PALM COAST, FL / ACCESSWIRE / November 15, 2021 / Atrial fibrillation might soon have a viable cure thanks to a research grant awarded by the National Institutes of Health to the privately held biotechnology company Rhythm Therapeutics. Its team of board members and clinical advisors, including Gerard Abate, MD, Alan Kadish, MD, FACC, and Rishi Arora, MD, FHRS, are all excited at the grant's possibilities for research and patients living with AFib alike.

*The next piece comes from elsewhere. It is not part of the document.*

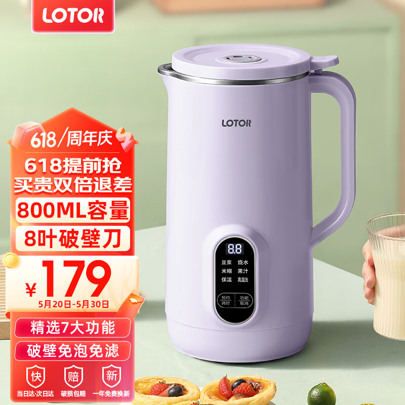 小浣熊豆浆机迷你破壁机1-2人家用小型全自动免滤免洗炸米糊榨汁杯搅拌婴儿辅食机3人4 0.8L紫色升级款价格:209.00元!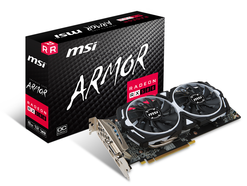 Im Bereich der ARMOR-Serie präsentiert MSI die Radeon™ RX 580 ARMOR 8G OC bzw. 4G OC mit einem Core-Clock von 1366 MHz und 7000 MHz Speichertakt sowie das 570er-Modell Radeon™ RX 570 ARMOR 4G OC. Die ARMOR-Serie beruht auf einem puristischen Schwarz-Weiß-Design und ist mit einem 100mm-Doppellüfter, Torx-Fans und langlebigen Solid-Caps ausgestattet. Die ARMOR-Modelle unterstützen außerdem MSIs Zero-Frozr-Funktion für einen leisen Niedriglastbetrieb ohne Lüftergeräusche.

Dr. Arora said of the grant, "With support from this valued award, Rhythm Therapeutics has the opportunity to revolutionize the treatment of persistent atrial fibrillation via our proprietary gene therapy platform to reduce mortality and improve the quality of life. For those suffering from AF worldwide."
So far, the team at Rhythm Therapeutics has been able to identify a new method of gene therapy delivery, known as electroporation. Gerard Abate says that in order to deliver DNA to the heart directly and safely during gene therapy. In clinical studies conducted by Rhythm Therapeutics, this new method of gene therapy has decreased incidents of AFib in larger animals such as canines, pigs, goats, and sheep.

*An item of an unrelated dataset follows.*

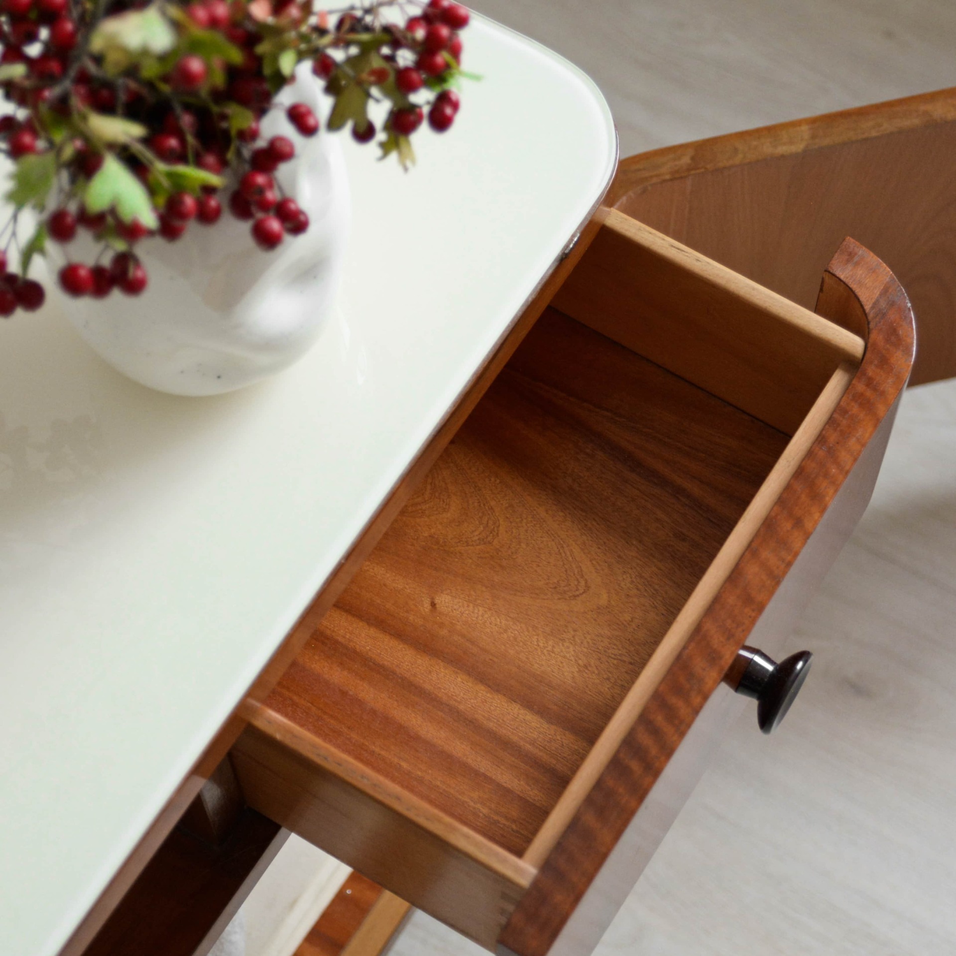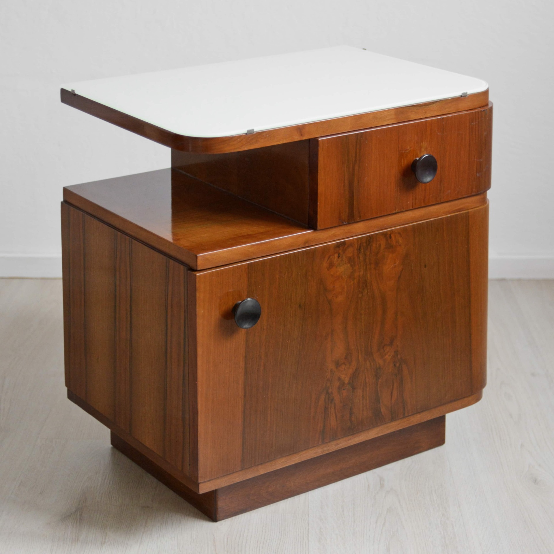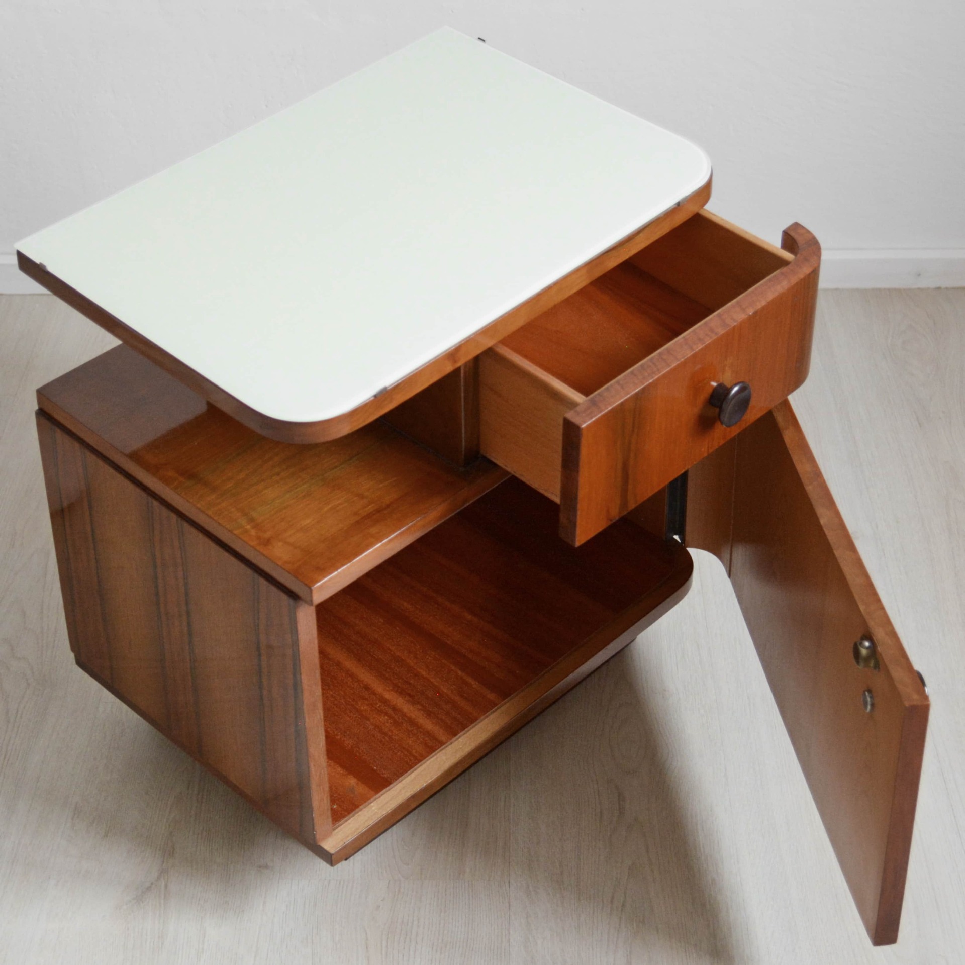 Dýhované noční stolky z 50. let po kompletním oživení. Tyto kousky vynikají výraznou krásně prokreslenou ořechovou dýhou. Měli jsme s nimi spoustu práce, ale výsledkem jsou elegantní kousky, které stylově doplní vaši ložnici.

Of all heart arrhythmias, some of the most common include sinus tachycardia, ventricular tachycardia, PVC's and PAC's, and Atrial Fibrillation. According to the CDC, in the year 2030, around 12.1 million people in the United States will have AFib. This is a scary statistic, considering that the development of atrial fibrillation increases the risk of stroke, heart failure, dementia, and death, Gerard Abate explains.
The team at Rhythm Therapeutics knows all too well that treatments for AFib are subpar, and AFib can still return or linger even with the use of cardiac arrhythmic drugs or invasive procedures known as ablations, of which carry significant side effects and risks. Due to this need for increased care and research for AFib, Rythym Therapeutic members like Gerard Abate have dedicated the next few years to researching a cure for AFib.

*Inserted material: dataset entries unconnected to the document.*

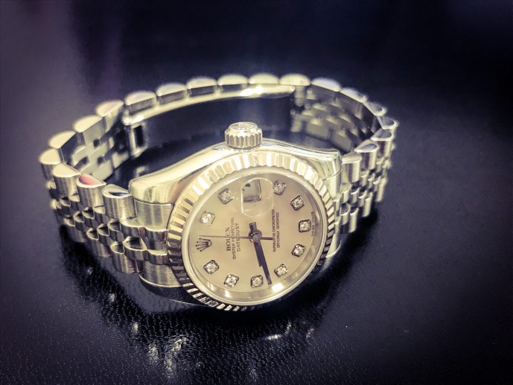 シェル文字盤とインデックスが輝くロレックスのデイトジャストのメンテナンスを承りました。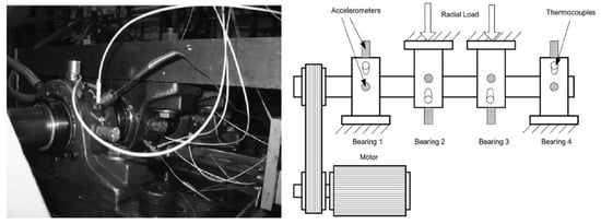 The data in the first case is the bearing life-cycle dataset from the University of Cincinnati. Figure 6 displays the layout of the bearing test rig, where the shaft is driven by an AC motor rotating at a constant speed of 2000 rpm and coupled by rub belts. Four rolling bearings are installed on the shaft and carry a radial load of 6000 lbs. The sampling frequency is 20.48 kHz, and vibration data were collected every 10 min to generate a segment of 20,480 samples. The dataset consists of a total of 984 files. After 163.8 h of operation, an outer race defect was observed on bearing 1. The bearing designation is ZA-2115, and the fault characteristic coefficient for the outer race is 7.09. Therefore, the fault characteristic frequency can be obtained by multiplying the rotational speed by the fault characteristic coefficient, with its value being Hz. For more details about this experiment, refer to Ref. [].
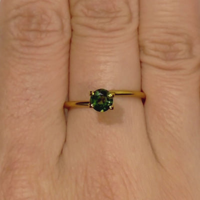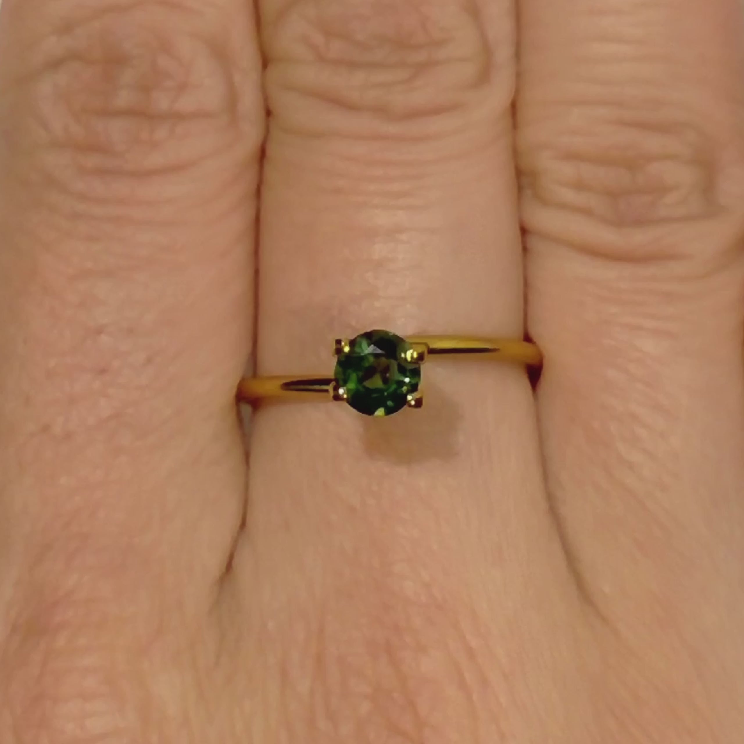 From the heart of Australia, this 0.58-carat round brilliant Parti-Color Sapphire captivates with its intriguing blend of deep forest green and shadowy teal. Each angle reveals a different intensity of color, making it a beautiful choice for a bespoke piece of jewellery. Ethically sourced and untreated, this natural sapphire embodies individuality and timeless elegance. Whether paired with diamonds or worn on its own, it makes a statement of subtle sophistication and rare natural charm.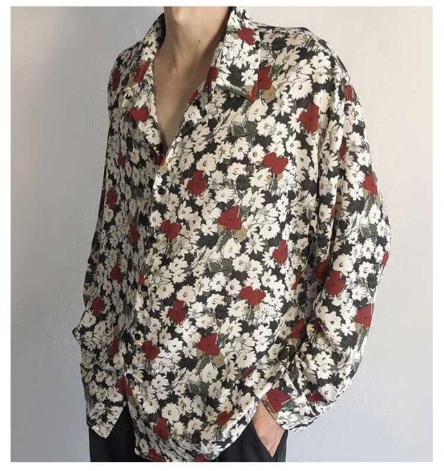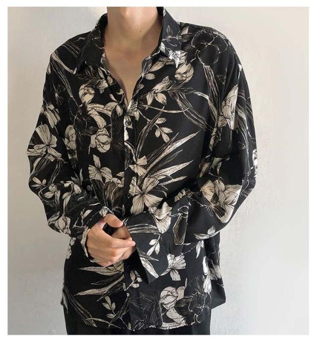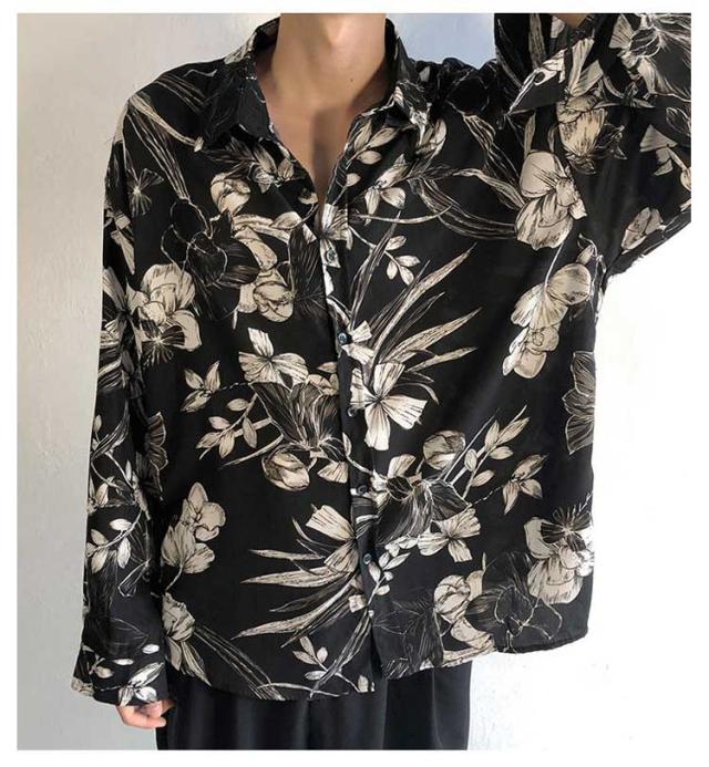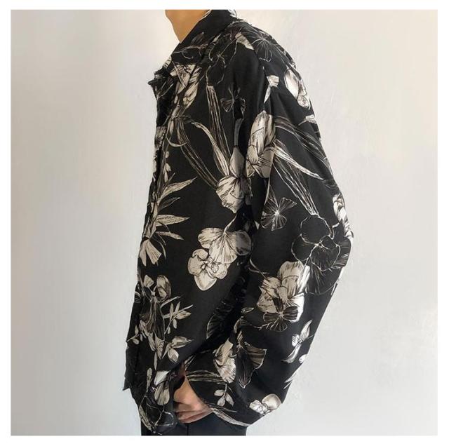 カジュアル ワイシャツ ストリート シャツ 柄 かっこいい メンズ 柄シャツ 派手 アロハシャツ ビッグシャツ 花柄 長袖 シャツ 大きいサイズ おしゃれ ゆったり 白 黒 総柄 総柄プリント 長そで きれいめ 韓国 キレイめ フォーマル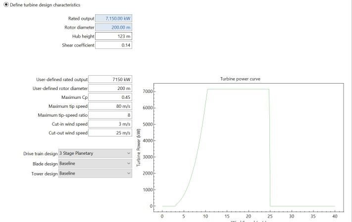 When I build a wind turbine model, firstly I use the SAM software and select "Define turbine design characteristics". The parameters are shown below: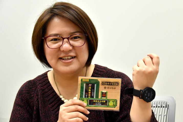 シックス・アパート広報およびSix Apart ブログ編集長、Vivaldi ブラウザ広報と、一人三役をこなす多忙なワーママ、壽かおり氏。シックス・アパートの「オウンドメディア勉強会」も主催している。手に持っているのは、神田明神の「IT情報安全守護(ITお守り)」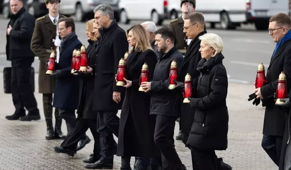Lideranças da União Europeia viajaram a Kiev nesta terça-feira (24) para prestar solidariedade à Ucrânia no dia que marca o quarto aniversário do início da invasão em larga escala promovida pela Rússia.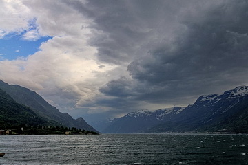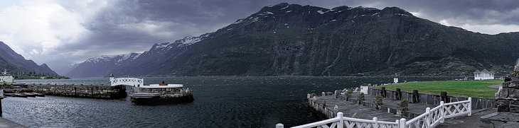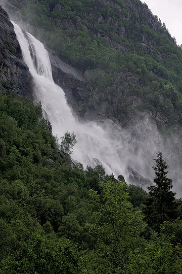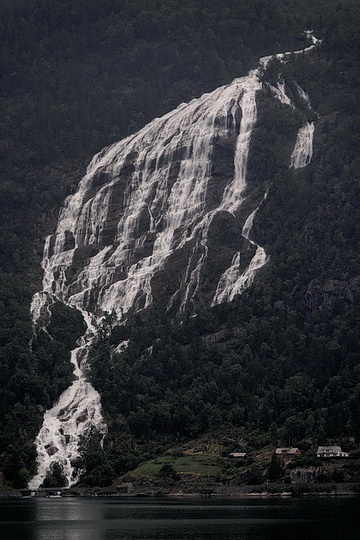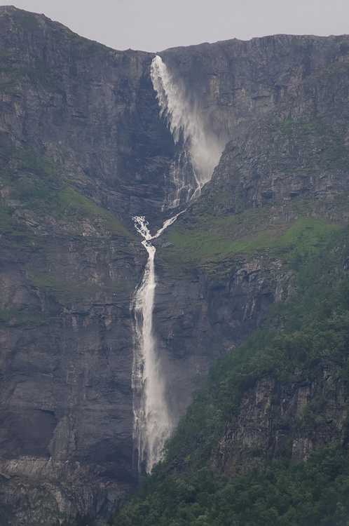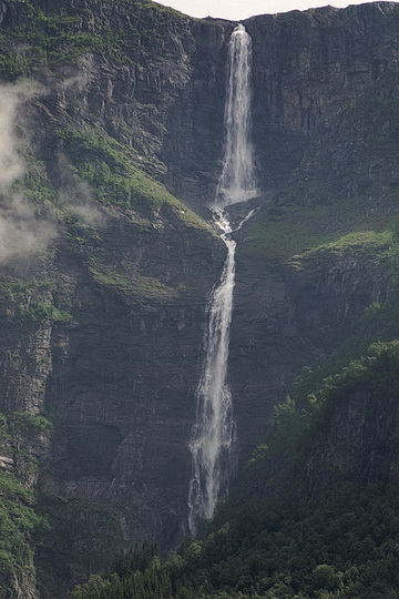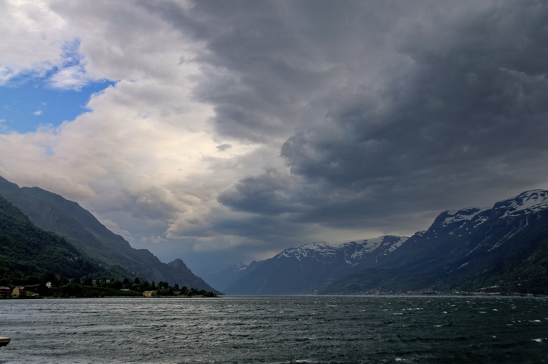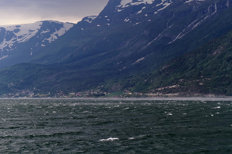 From the hotel we were able to follow the formation of the upcoming storm. Skrikjofossen, a waterfall 900 meters above, was indicating the storm which started blowing at higher altititudes and slowly made its way down to fjord level.

The research will be conducted in phases, with phase 1 working to optimize gene doses and electroporation methods for optimal gene delivery and phase 2 working to determine the optimal amount of gene therapy, figuring out how long its effects will last, and examining targeted genes and their toxicology profiles. Phase 1 is already set to be finished later this year.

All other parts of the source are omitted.